Task = The expected output is the data below, character for character, without its pictures.

Information supplied =
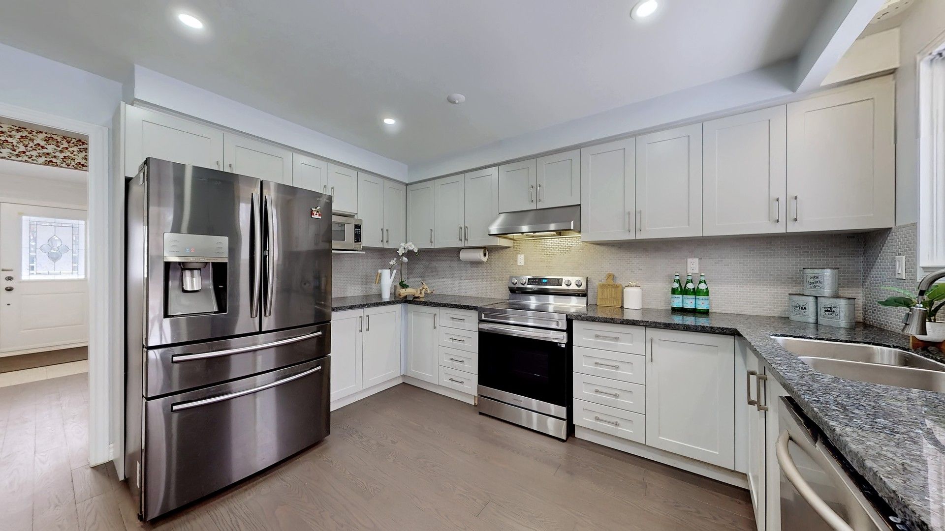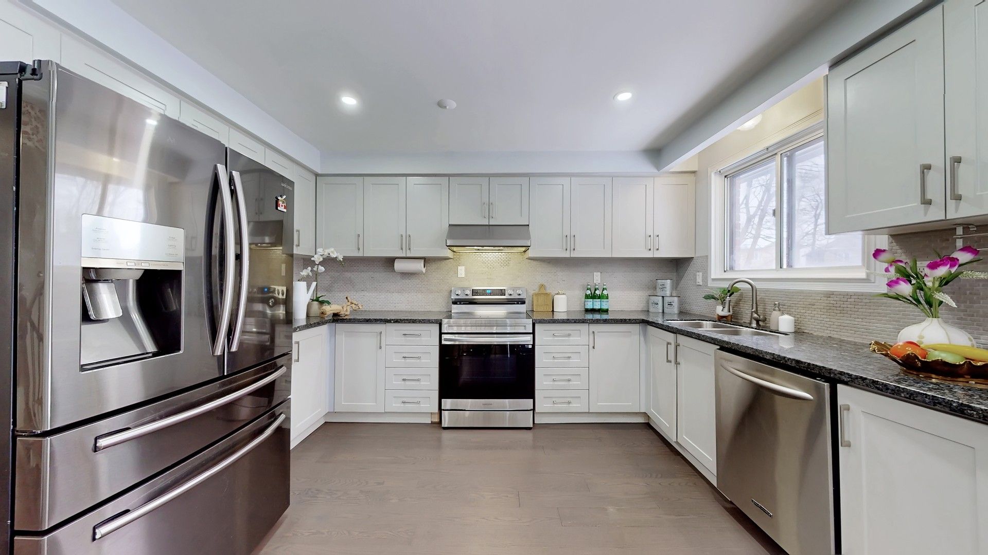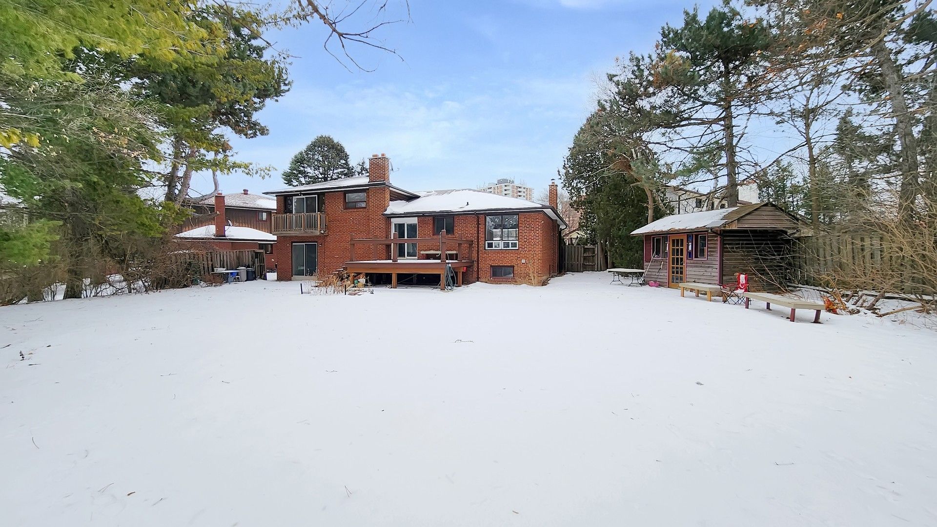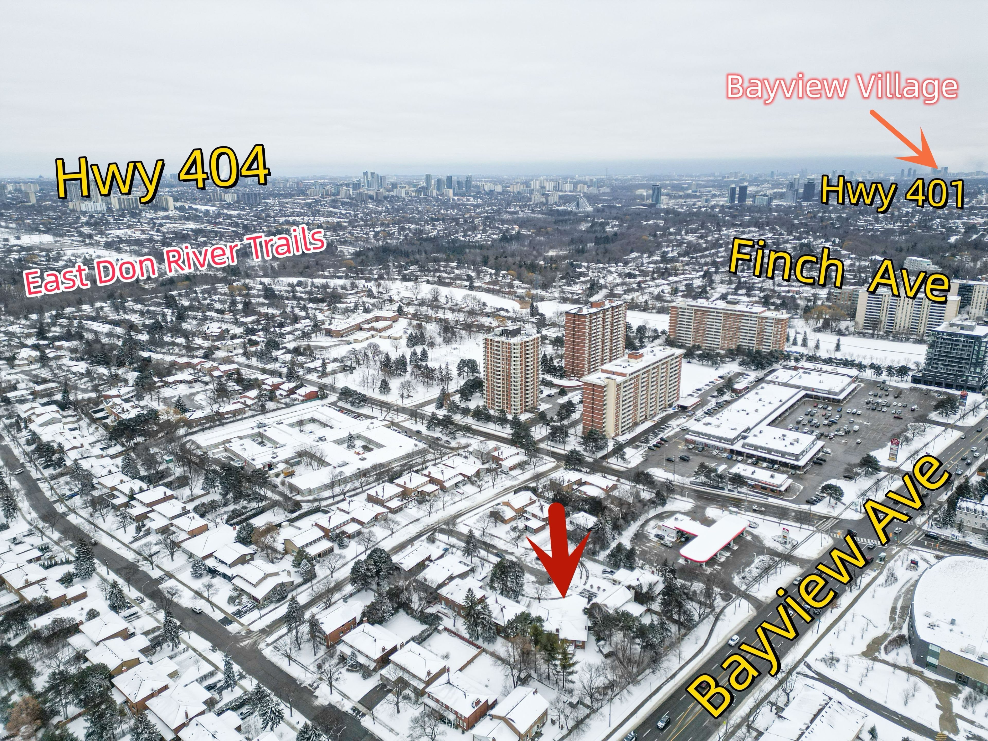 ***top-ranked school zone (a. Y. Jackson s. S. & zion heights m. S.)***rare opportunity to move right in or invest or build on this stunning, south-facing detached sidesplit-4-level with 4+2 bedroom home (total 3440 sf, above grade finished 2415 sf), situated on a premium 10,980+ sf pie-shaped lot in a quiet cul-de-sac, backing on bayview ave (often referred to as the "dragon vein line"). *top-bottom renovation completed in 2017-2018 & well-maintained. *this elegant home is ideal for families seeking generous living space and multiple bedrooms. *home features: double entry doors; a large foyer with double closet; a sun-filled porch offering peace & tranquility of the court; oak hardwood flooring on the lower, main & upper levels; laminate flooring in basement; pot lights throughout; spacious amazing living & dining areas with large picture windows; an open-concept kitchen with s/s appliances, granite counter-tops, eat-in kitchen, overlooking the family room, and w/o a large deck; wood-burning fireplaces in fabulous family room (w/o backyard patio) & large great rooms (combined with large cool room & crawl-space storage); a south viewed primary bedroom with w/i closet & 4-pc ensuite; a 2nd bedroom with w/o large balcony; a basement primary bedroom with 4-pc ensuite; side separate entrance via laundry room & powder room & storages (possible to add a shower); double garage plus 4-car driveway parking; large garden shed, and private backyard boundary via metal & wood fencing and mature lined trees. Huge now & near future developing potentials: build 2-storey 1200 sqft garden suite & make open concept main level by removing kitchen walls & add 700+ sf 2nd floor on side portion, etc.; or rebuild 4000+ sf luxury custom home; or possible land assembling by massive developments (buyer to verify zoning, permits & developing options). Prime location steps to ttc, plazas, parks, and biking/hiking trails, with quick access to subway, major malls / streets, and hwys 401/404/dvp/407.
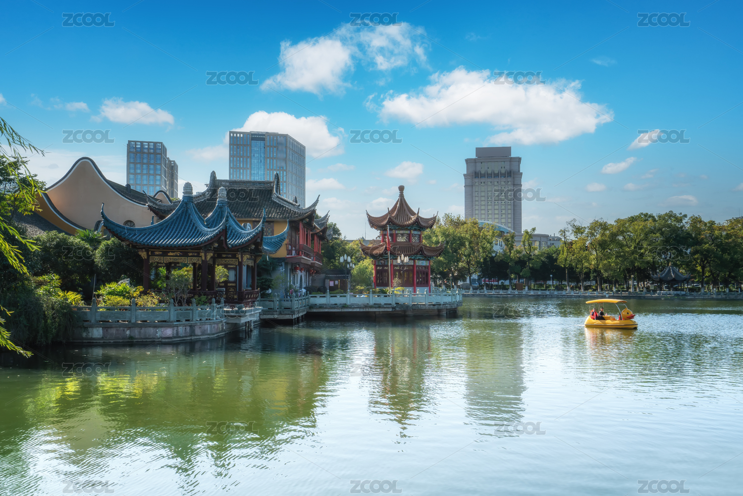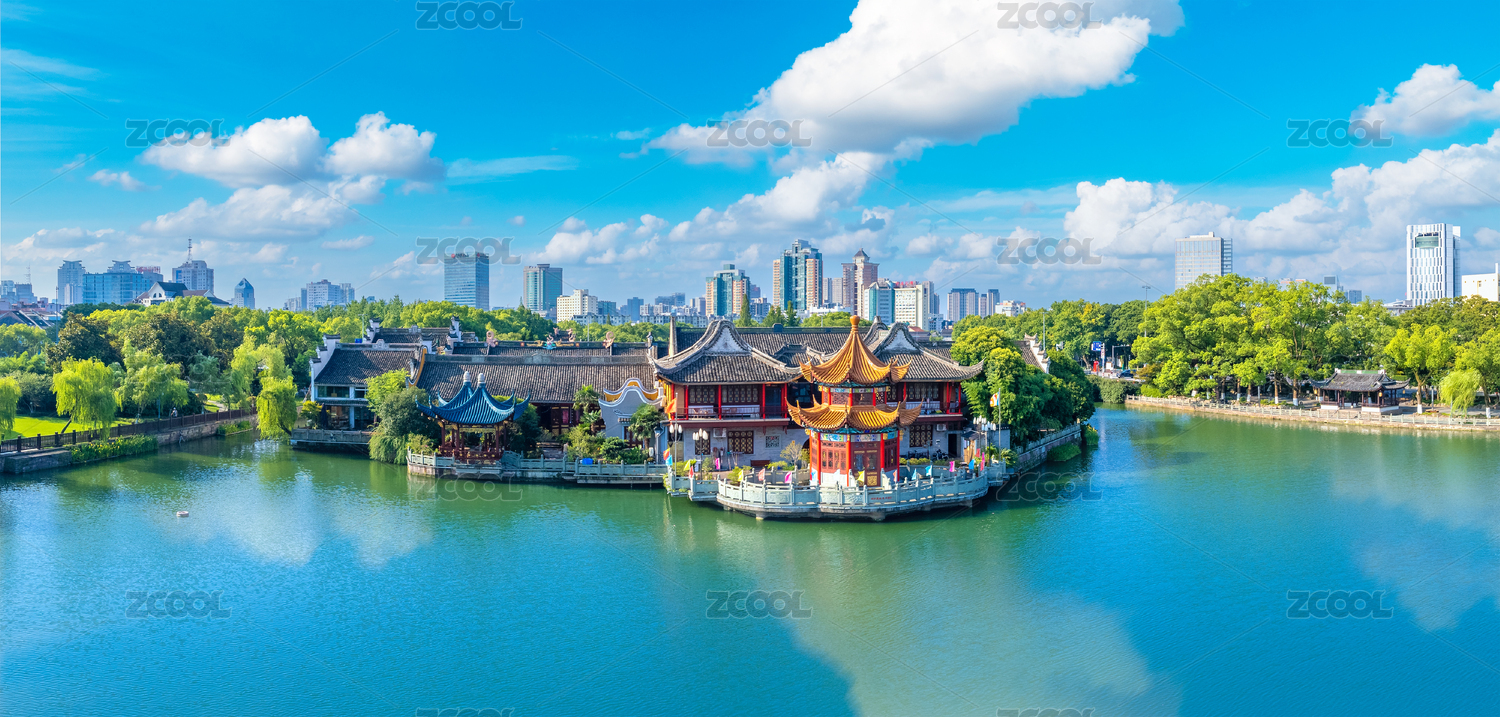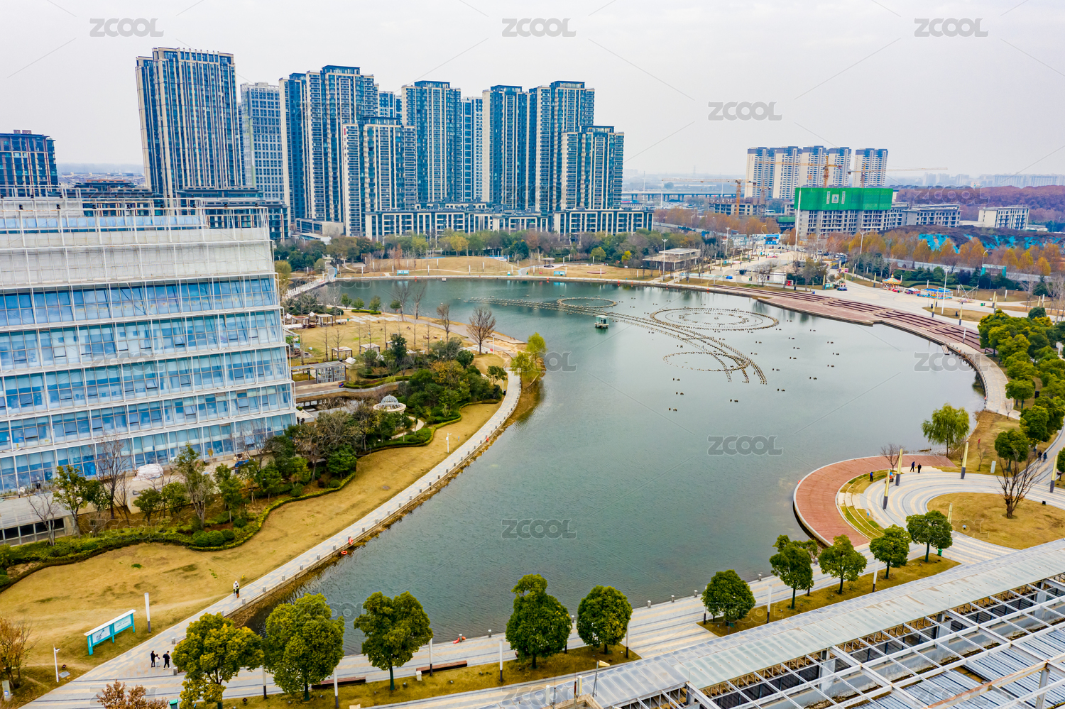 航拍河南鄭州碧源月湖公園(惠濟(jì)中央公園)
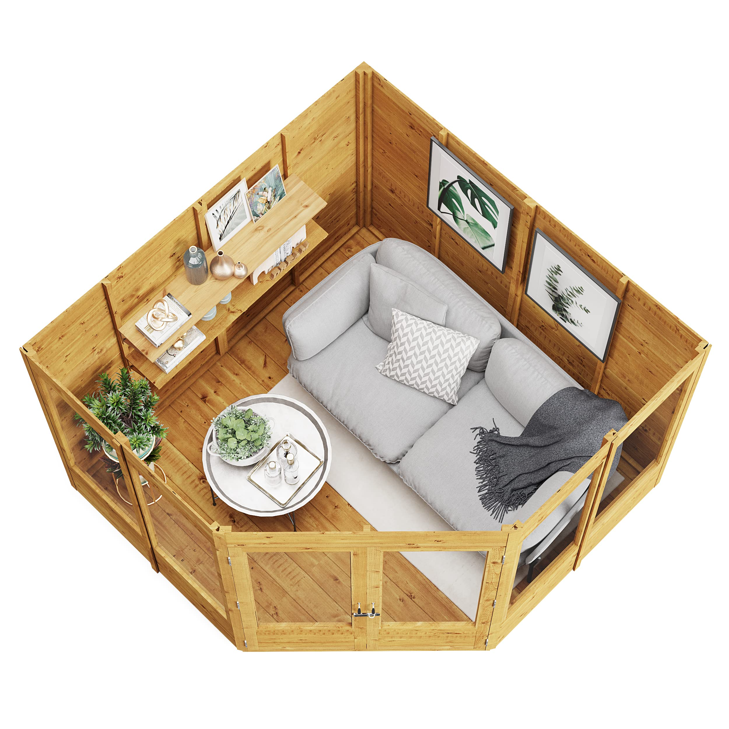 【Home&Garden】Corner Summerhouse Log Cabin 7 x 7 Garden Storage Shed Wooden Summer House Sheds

Your response =
 ***top-ranked school zone (a. Y. Jackson s. S. & zion heights m. S.)***rare opportunity to move right in or invest or build on this stunning, south-facing detached sidesplit-4-level with 4+2 bedroom home (total 3440 sf, above grade finished 2415 sf), situated on a premium 10,980+ sf pie-shaped lot in a quiet cul-de-sac, backing on bayview ave (often referred to as the "dragon vein line"). *top-bottom renovation completed in 2017-2018 & well-maintained. *this elegant home is ideal for families seeking generous living space and multiple bedrooms. *home features: double entry doors; a large foyer with double closet; a sun-filled porch offering peace & tranquility of the court; oak hardwood flooring on the lower, main & upper levels; laminate flooring in basement; pot lights throughout; spacious amazing living & dining areas with large picture windows; an open-concept kitchen with s/s appliances, granite counter-tops, eat-in kitchen, overlooking the family room, and w/o a large deck; wood-burning fireplaces in fabulous family room (w/o backyard patio) & large great rooms (combined with large cool room & crawl-space storage); a south viewed primary bedroom with w/i closet & 4-pc ensuite; a 2nd bedroom with w/o large balcony; a basement primary bedroom with 4-pc ensuite; side separate entrance via laundry room & powder room & storages (possible to add a shower); double garage plus 4-car driveway parking; large garden shed, and private backyard boundary via metal & wood fencing and mature lined trees. Huge now & near future developing potentials: build 2-storey 1200 sqft garden suite & make open concept main level by removing kitchen walls & add 700+ sf 2nd floor on side portion, etc.; or rebuild 4000+ sf luxury custom home; or possible land assembling by massive developments (buyer to verify zoning, permits & developing options). Prime location steps to ttc, plazas, parks, and biking/hiking trails, with quick access to subway, major malls / streets, and hwys 401/404/dvp/407.
 航拍河南鄭州碧源月湖公園(惠濟(jì)中央公園)
 【Home&Garden】Corner Summerhouse Log Cabin 7 x 7 Garden Storage Shed Wooden Summer House Sheds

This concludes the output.